Because Lucene allows adding any Query
as a clause of a BooleanQuery
, call sites of DocIdSetIterator#nextDoc
and DocIdSetIterator#advance
are often polymorphic. One solution would be to specialize the query evaluation logic more. For now, Lucene focused on:
- reducing polymorphism so that term queries would always create a single type of
DocIdSetIterator
for a givenBooleanQuery
, - ensuring that call sites of
DocIdSetIterator#nextDoc
andDocIdSetIterator#advance
would be bimorphic at most, so that they are eligible to inlining. If the provided iterator is not the iterator of a term query, it gets wrapped. So the call site always sees either an iterator of aTermQuery
or this generic wrapper.
These two changes combined contributed a 25% speedup to OrHighHigh
and a 30% speedup to AndHighHigh
, which respectively compute the top-100 hits of a disjunctive and conjunctive query on two high-frequency terms.
Fewer abstraction layers
This is especially noticeable on phrase queries. While Lucene evaluates phrase queries through its PostingsEnum
abstraction that gives one position at a time and maintains buffers that are periodically refilled from the Directory
, Tantivy simply loads all positions in memory once per document. Evaluating phrase queries then boils down to intersecting sorted arrays, something that the compiler likely heavily optimizes.
Conclusion
When working on performance, it’s often hard to know whether you have room for improvement and how much. Tantivy has been very helpful from this perspective by giving targets to Lucene that should be achievable given how much Lucene and Tantivy share architecture-wise.

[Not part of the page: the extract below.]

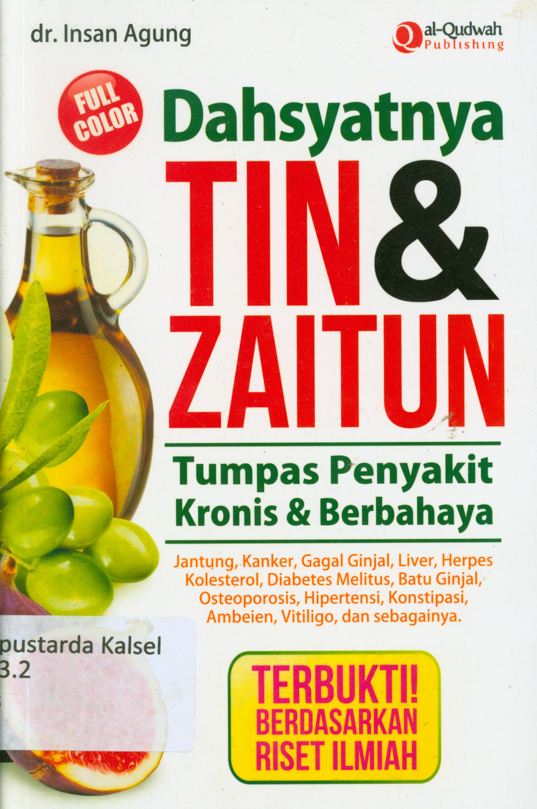 | Judul | Dahsyatnya tin dan zaitun : Tumpas penyakit kronis dan berbahaya : Jantung, kanker, gagal ginjal, liver, herpes, kolesterol, diabetes melitus, batu ginjal, osteoporosis, hipertensi, konstipasi, ambeien, vitiligo dan sebagainya / Insan Agung ; penyunting, Endang R |

While recent versions of Lucene (10.2 at the time of writing this post) have recovered a good share of the performance difference on many queries and collection types, it is still noticeably slower on some of them, notably phrase queries and exhaustive evaluation with scores (TOP_100_COUNT
). There is a lot of work left to do, and hopefully we can have even more queries and collection types when Lucene is on par or faster in the future.